Here's where all the smoke and mirrors ends and a glimpse into the life of a custom-furniture maker begins. Education enables us to understand truly the difference between a handmade piece of furniture and those mass-manufactured pieces available to everyone everywhere for a reduced price. Can a table from West Elm hold your coffee and look good? Sure. Will it last a lifetime? Will it live and grow with you? Most likely not. Through the process section, I'll show you what consideration is taken into each project I receive, from the beginning stages all the way through to the final product. You'll begin to see how handmade truly eclipses mass-made.
The process begins with discussing which materials you would like used for your particular piece. I then sort through FSC-certified lumber to hand-pick the best boards for your piece taking into consideration the wood's grain, timbre, and overall character.
Milling is where rough lumber becomes square, flat, and thicknessed stock. This is also when I can begin to create a relationship with the wood being used for your piece.

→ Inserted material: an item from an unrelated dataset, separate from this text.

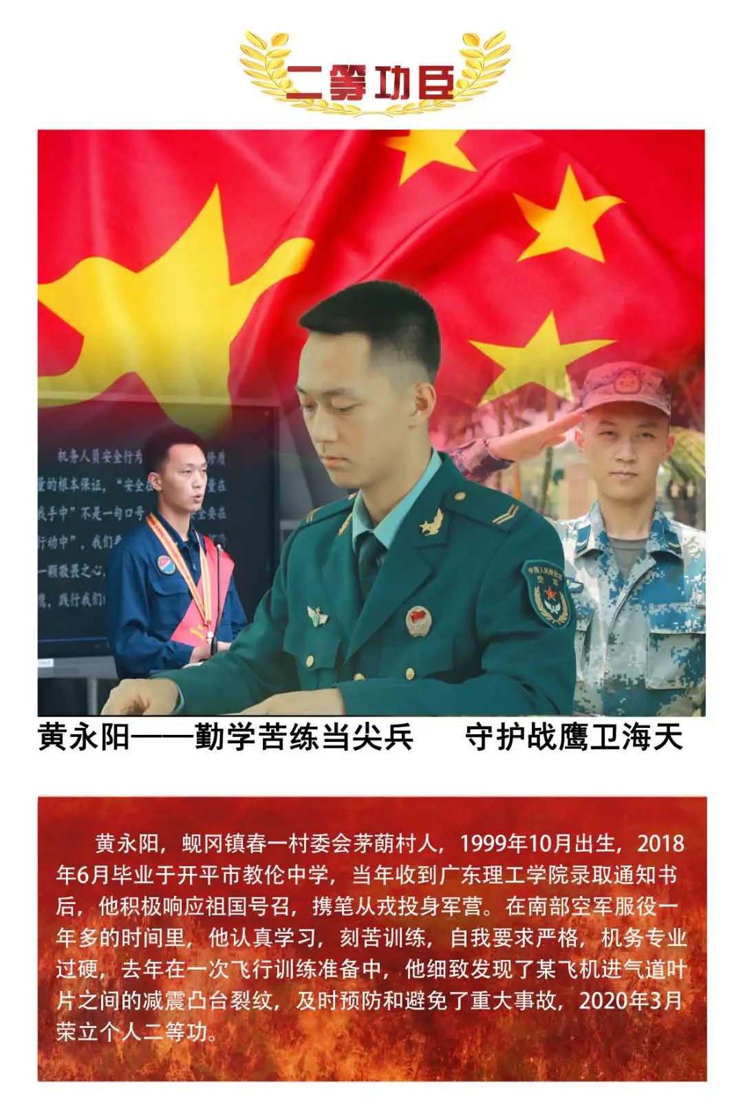 開平市2018年入伍的優秀青年黃永陽因工作表現出色,榮立二等功一次。今年剛滿20歲的黃永陽,是蜆岡鎮春一村委會茅蓢村人,入伍一年多就立下二等功,成為南部戰區空軍航空兵的小“名人”。黃永陽 是蜆岡鎮春一村委會茅蓢村人, 2019年9月,剛剛從教倫中學畢業的黃永陽雖然考上了大學,但他積極響應國家號召,懷揣著青春夢想,暫緩入學,光榮入伍,成為一名守護戰鷹的機務兵。

This is where I can start to layout and design with the wood, using grain to book match, waterfall, or continue across as set of drawers to create a pleasing look.
How a piece goes (and stays) together is all about the joinery. From mortise and tenon joints to hand-cut dovetails, the joinery of a piece is decided upon by it's overall construction and style.
Finishing is what brings everything together. This is when the wood finally becomes alive and all the inherent beauty of the board is able to come to light. What finish is used is dictated by its use; where high-traffic pieces like dining tables will receive a film finish, other austere pieces like side or end tables may receive a hand-rubbed oil and wax finish. Favorite finishes include shellac & wax, and oil and wax.